Russia and China's attitudes towards Central Asia are often described as "soft competition." In other words, both sides know and understand their own and each others' interests in the region, but do not perceive them as a reason for an open conflict. China's policy towards the EEU is described by specialists as "adaptation to the changing environment." For example, recently China managed to sign an agreement on the establishment of a free trade zone with the Eurasian Economic Union and thereby derived maximum possible benefits from the current situation. In addition, China managed to reap all benefits from the worsening of Russia's relationships with Western countries, which made Russia more attentive to Chinese initiatives.
According to political scientist Kairat Bekov, the most remarkable case here is the agreement with Russia on the coordination of the development of the Eurasian Economic Union and the Silk Road Economic Belt. These are the reasons for China's engaging in joint policy with Russia to coordinate efforts in Central Asia. China tries by all means to emphasise that it always takes into account the Russian side's opinion with respect to Central Asian countries. The situation in the Chinese economy is not as good as many believe. The notorious market failures such as "middle income traps" come to the forefront.
"Some imperial (in the good, dimensional sense of the word) investment in all more or less liquid projects abroad makes many economists and political scientists speak of somewhat of a "Chinese world" phenomenon.
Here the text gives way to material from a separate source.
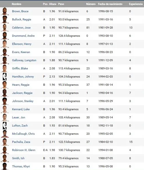 Top 3 salarios: Blake Griffin (31,8 millones y extensión hasta la 2021/22 con un aumento que se va hasta los 38,9 millones), Andre Drummond (25,4 millones y dos años más de contrato – el último con player option – y Reggie Jackson (17 milllones y contrato por un año más por 18 millones).

The behaviour of Kazakhstan's monetary authorities, which after discontinuing Kazakh tenge's pegging to the dollar promised China in the first place that all investment contracts would remain effective, can evoke a negative reaction. Here, we shouldn't be tied to the chariot of, albeit strategic but, nevertheless, an investor, which pursues primarily their own profit and return on investment," Evgeny Tischenko, an expert, says.
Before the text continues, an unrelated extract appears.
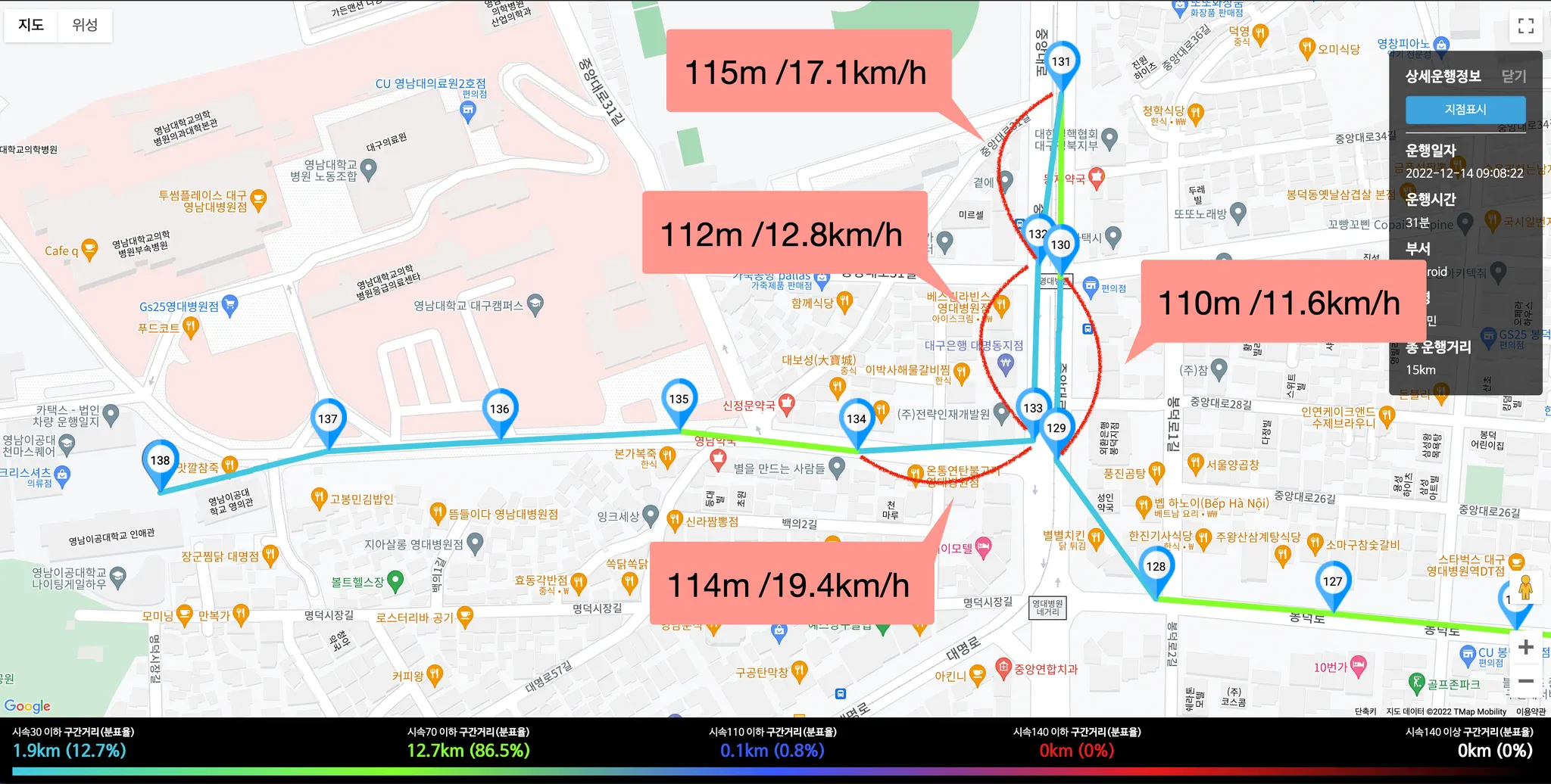 정체구간 집계는 운행기록 작성 시 저장되는 좌표 사이 거리와 시속을 이용합니다.

The speaker states that Kazakhstan trusts fully the Chinese model of behaviour with dominating state regulation, which may also have its effects. Russia, obviously, insists on parity contacts in the Central Asian space and on some kind of labour distribution. Special investment conditions for enterprises in the areas of Russia and China's joint transborder efforts will be helpful in this case.
Therefore, it would be wrongful to see China's increased activity in Central Asia as an automatic reduction in Russia's influence. Here we observe a division of efforts where China occupies the niches in Central Asia, which Russia cannot fill because of limited economic opportunities.
"We should keep in mind that the Central Asian countries themselves, instead of choosing one country as a priority, will rather aim at balancing several centres of power," Kairat Bekov concludes.